Share your dilemmas and get honest opinions from other Mumsnetters.

To tell his wife....

694 replies

rachielou10 · 12/09/2020 09:54

I work with a guy, We'll call him Tom.

Last year our work hosted a summer party, after some drinks, Tom was acting inappropriately with one of the girls from our office. We'll call her Jess.
None of us saw any kissing, but they were very flirty, touchy, huggy.
More than just the usual "appropriate" behaviour.

It became office gossip that Tom & Jess were "seeing" one another.
They would always be together in the canteen, they'd regularly be seen going out together in the car at lunch time, and they'd always be together at the pub for Friday night drinks.

Tom has a wife but none of us wanted to question Tom as we don't know for certain that there is anything going on between him and Jess.

December last year our work hosted a Christmas party and for the first time we were allowed to bring partners.

Tom brought his wife.

My husband and I were seated at the same table as Tom and his wife for dinner.

I got chatting to her and she's such a lovely person. At the end of the night we ended up exchanging numbers and said we should meet for lunch.
We messaged a few times in the new year but lockdown hit and we never got the chance to meet and we've not messaged now for 5/6 months.

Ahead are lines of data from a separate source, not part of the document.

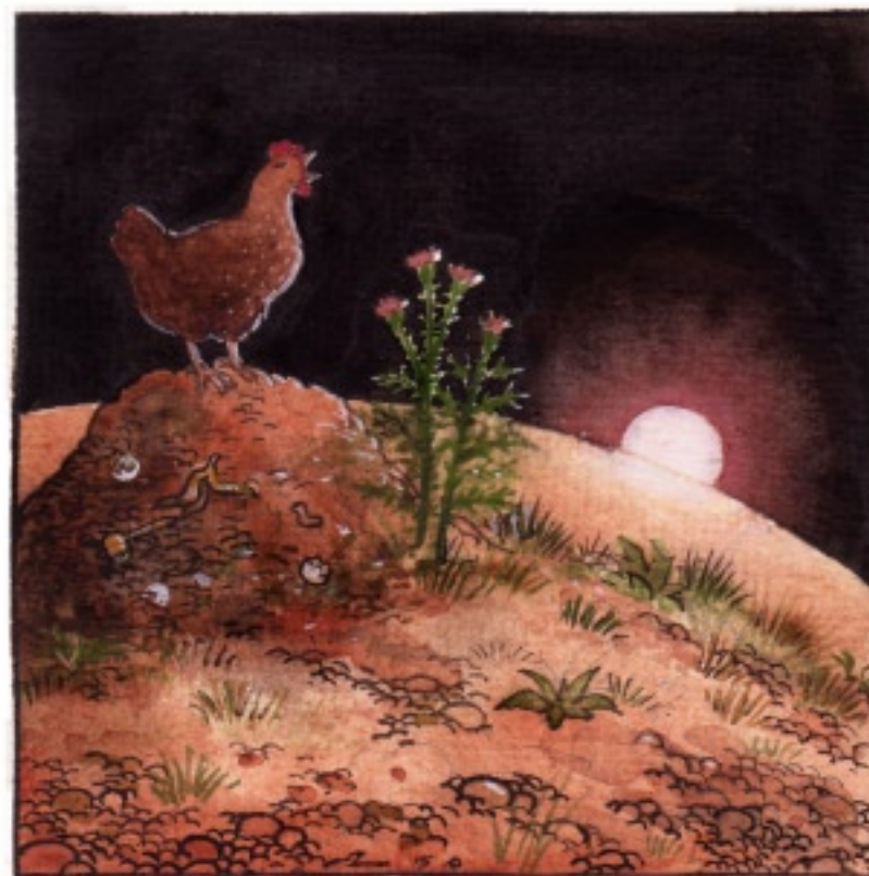
Hönan tog sig rollen som tupp. Lite skorrig men inte helt oäven.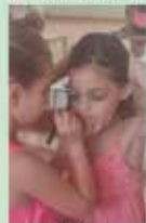
Taller de maquillatge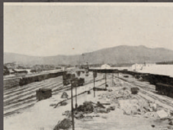
華山貨運站/國立臺灣大學圖書館藏

現況 現今華山貨運站劃歸由司法院管理，即將改建為「華山司法園區」。後續司法院也朝向最大原貌保存為原則，盡可能將月台遺構保留於原址。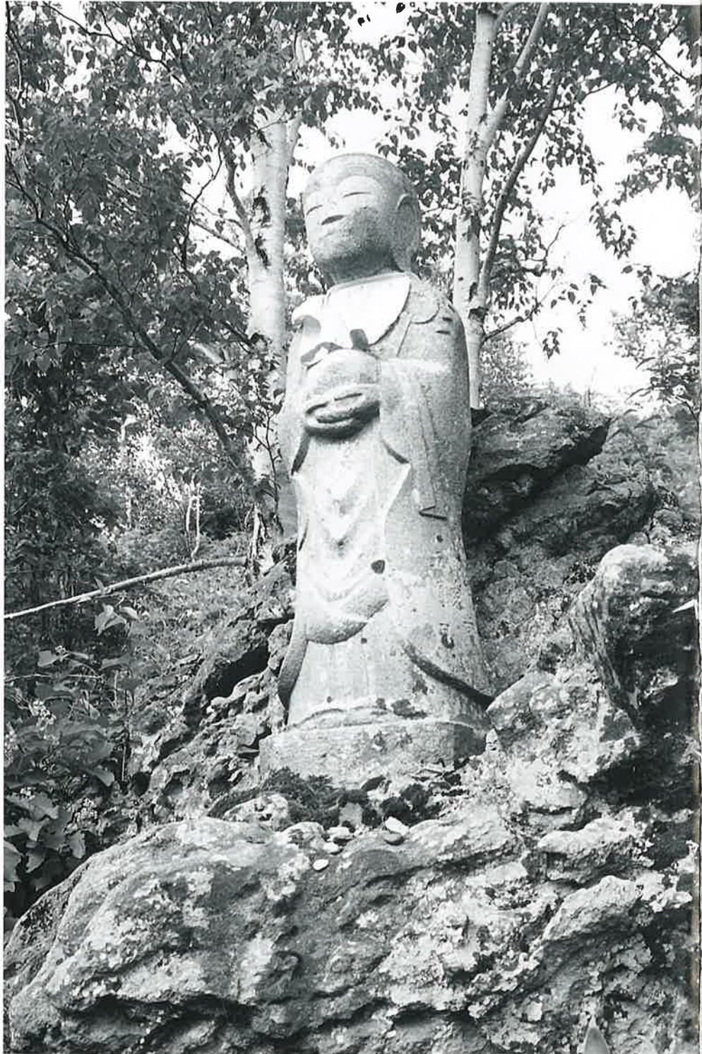
喜兵衛地藏 (志賀高原の部No.16)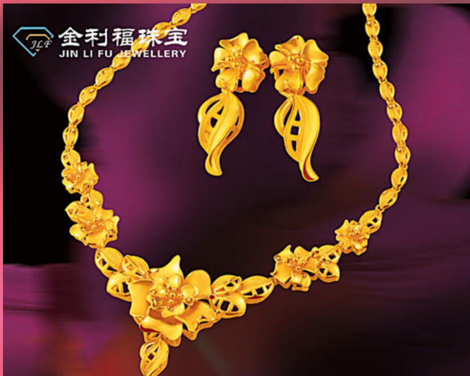
■金利福珠寶款式多樣，工藝精湛。

文化企業」評選。金利福珠寶有限公司。製造品牌的過程不斷豐富品牌的。明為新品代言；手冊》，在行業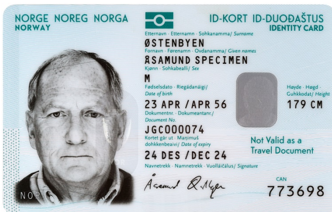
Bilde av nasjonalt ID-kort uten reiserett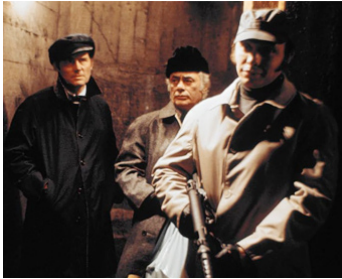
1974 LES PIRATES DU MÉTRO (The Taking of Pelham) de J. Sargent avec R. Shaw, M. Balsam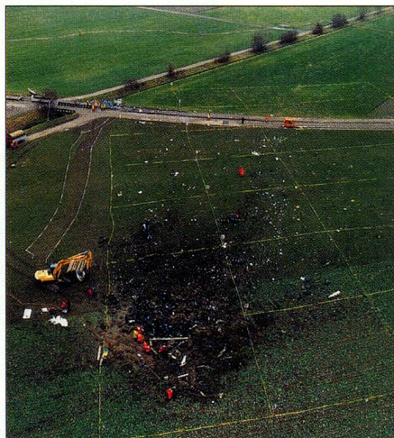
Le Saab 340 de Crossair s'est écrasé près de Niederhasli (ZH) peu après son décollage.

Un avion suisse s'est écrasé en Libye. 22 des 41 occupants de l'appareil affrété par la compagnie aérienne zurichoise Avisto AG

Two weeks ago my husband and I booked an overnight break in Chester at a lovely hotel/spa.

Guess who I saw that evening whilst we were having dinner....

TOM & JESS!!!

It was the MOST uncomfortable experience.
I saw them, they saw me. Neither of us said anything.

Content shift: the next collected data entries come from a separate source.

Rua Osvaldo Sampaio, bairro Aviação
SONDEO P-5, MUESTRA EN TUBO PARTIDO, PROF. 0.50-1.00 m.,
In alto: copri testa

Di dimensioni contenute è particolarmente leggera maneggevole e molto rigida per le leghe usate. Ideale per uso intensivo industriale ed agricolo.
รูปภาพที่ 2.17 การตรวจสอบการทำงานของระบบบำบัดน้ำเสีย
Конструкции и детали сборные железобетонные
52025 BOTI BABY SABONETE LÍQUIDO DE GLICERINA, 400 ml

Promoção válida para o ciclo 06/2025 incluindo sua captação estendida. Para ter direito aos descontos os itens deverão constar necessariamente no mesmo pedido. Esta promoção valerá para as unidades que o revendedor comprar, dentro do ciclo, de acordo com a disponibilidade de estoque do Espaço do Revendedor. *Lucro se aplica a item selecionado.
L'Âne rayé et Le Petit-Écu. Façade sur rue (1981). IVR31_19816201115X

I'm currently working form home (most of our office are) so I haven't seen either of them in person though Jess and I have exchanged a few emails.

I still have Toms wife's number and I'm wracked with guilt on whether it's my responsibility to tell her.

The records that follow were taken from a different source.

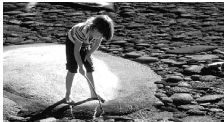
Encuentra un lugar especial para ti.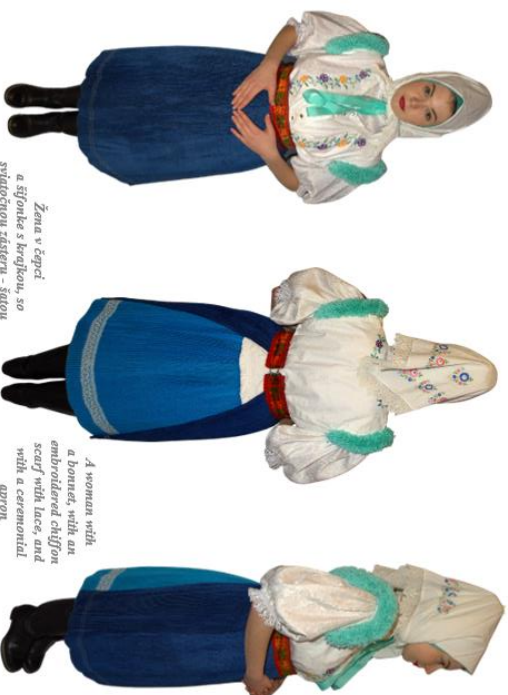
Žena v čepci a šifonku s kňžkou, so svadobnou zásterou - šatou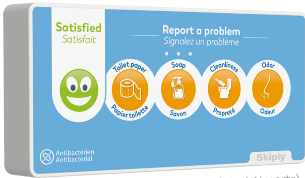
Exemple de façade personnalisée (Vinci Airports)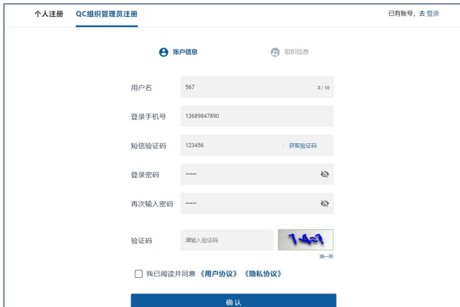
图 2QC 组织管理员注册-步骤 1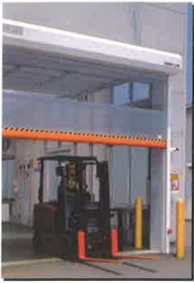
車両の通行もラクにこなせる!

通常シャッターの約10倍(0.8m/秒)の速さの開閉が可能!フォークリフト等の出入りの多い工場に最適!!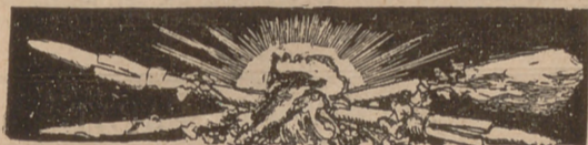
LO SANT CRISTO GROS.

PREU DE SUSCRIPCIÓ: Fora de Barcelona cada trimestre ESPANYA 8 rals Cuba . y Puerto-Rico 16 rals, Estranger , 18 rals.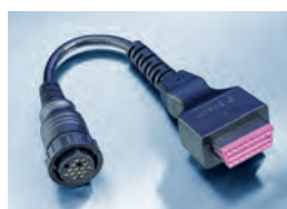
DAF & Scania 1 684 463 776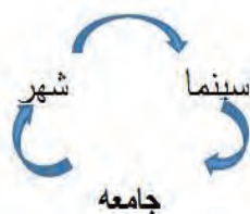
شکل ۱. نسبت شهر، سینما و جامعه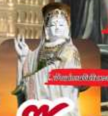
วัดพระธรรมมิทธาราม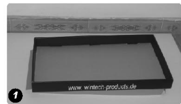
Bodeneinsatz Bottom Tray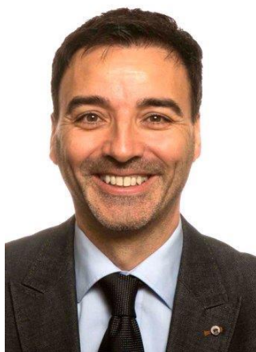
Meest mannelijke politicus (mediaan 8)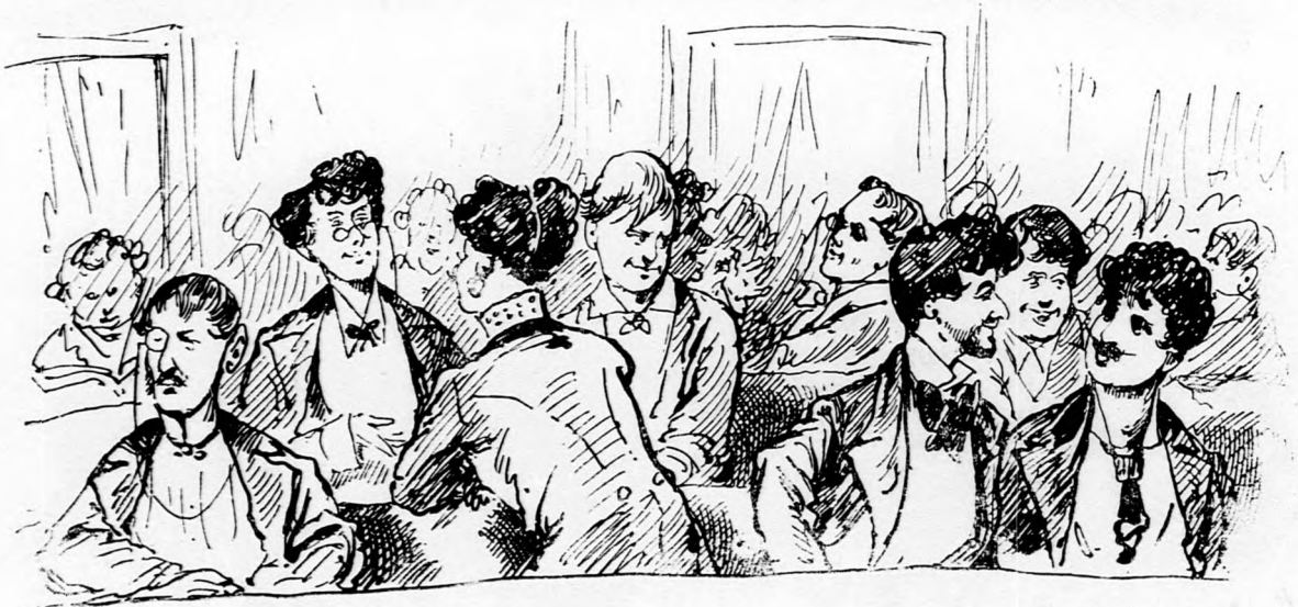
Az 1875—1879-iki alatt a honatyák mamái .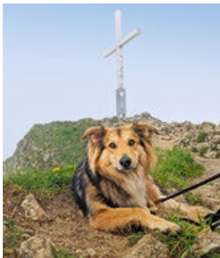
Weiter Weg: Bis hinauf zum Gipfelkreuz dauert es mehrere Stunden. Hunde (und Menschen) schaffen die Strecke mit Pausen.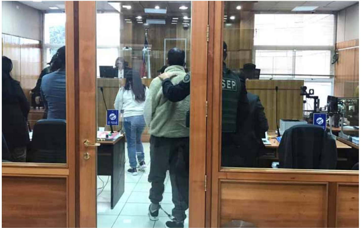
Esposado y de espaldas, se aprecia al acusado por violación y abuso sexual reiterado, de iniciales L.A.S.E.

I haven't told any of my other colleagues about this as I don't to be the one to spread the news, although we've all had our speculation something has been going on.

I just don't know what to do.

I wish I'd never seen them there!

I mean what would he have told his wife? Work trip?

I can't stop thinking about it.

If it were me, I'd want to know.

It could cause problems for me at work if I were to tell his wife too.

I've typed a message so many times but I've yet to press send.

Help! 😔

OP posts:
Tooshytoshine · 14/09/2020 09:49

I would 'forget' I saw them, tbh.

They are almost definitely having an affair and his wife doesn't know. However, she won't be grateful for you dropping a hand grenade in her life - I have told somebody in a similar situation and they are still together, but she blanks me in Tesco's...

They have kids, are working from home and the second wave is about to hit. Don't put her in a position where she has to confront the problems in her marriage too... For all you know Tom and Jess could have been having a dinner to end things, or this place was just convenient to meet up in terms of where they are living working from home. There is a lot you don't know.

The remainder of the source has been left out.